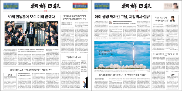 그래서일까. 작년 12월 22일 “50세 한동훈에 보수의 미래 맡겼다”며 1면에 대서특필했던 조선일보는 투표 전날인 4월 9일 보수의 미래 따윈 싣지 않았다. “北 지켜볼 눈이 생겼다”며 파란색 배경의 우리 군 정찰위성 2호기 발사 성공을 알렸다. 왜 하필 파란색에 숫자 1로 보이는 사진을 1면 톱에 실었는지 의아하다. 방송통신심의위원회가 MBC 날씨 보도 자막 ‘1’에 대해 야단법석을 떠는 바람에 이 사진마저 기호 1로 보인다. 혹시 조선일보가 회심한 건 아닐까.
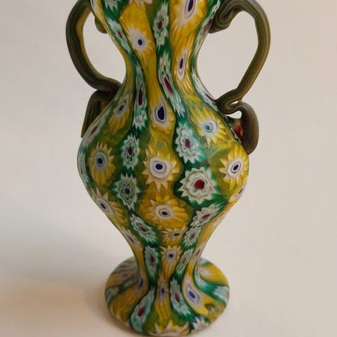 Denne håndlavede genstand er helt og holdent fremstillet i vores Murano-ovn, efter den gamle teknik med millefiori-murriner, et symbol på den venetianske glastraditions ypperste.
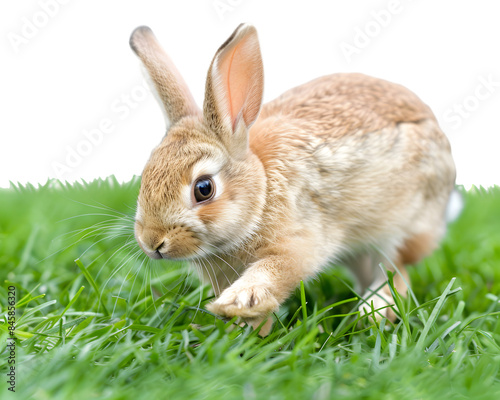 Fototapeta premium Rabbit hopping on the green lawn on transparent background

┄┄┄┄┄┄

• **Exercise description**
Nothing but an exact copy of the data above, minus its pictures, should appear in the response.

• **Exercise answer**
 그래서일까. 작년 12월 22일 “50세 한동훈에 보수의 미래 맡겼다”며 1면에 대서특필했던 조선일보는 투표 전날인 4월 9일 보수의 미래 따윈 싣지 않았다. “北 지켜볼 눈이 생겼다”며 파란색 배경의 우리 군 정찰위성 2호기 발사 성공을 알렸다. 왜 하필 파란색에 숫자 1로 보이는 사진을 1면 톱에 실었는지 의아하다. 방송통신심의위원회가 MBC 날씨 보도 자막 ‘1’에 대해 야단법석을 떠는 바람에 이 사진마저 기호 1로 보인다. 혹시 조선일보가 회심한 건 아닐까.
 Denne håndlavede genstand er helt og holdent fremstillet i vores Murano-ovn, efter den gamle teknik med millefiori-murriner, et symbol på den venetianske glastraditions ypperste.
 Fototapeta premium Rabbit hopping on the green lawn on transparent background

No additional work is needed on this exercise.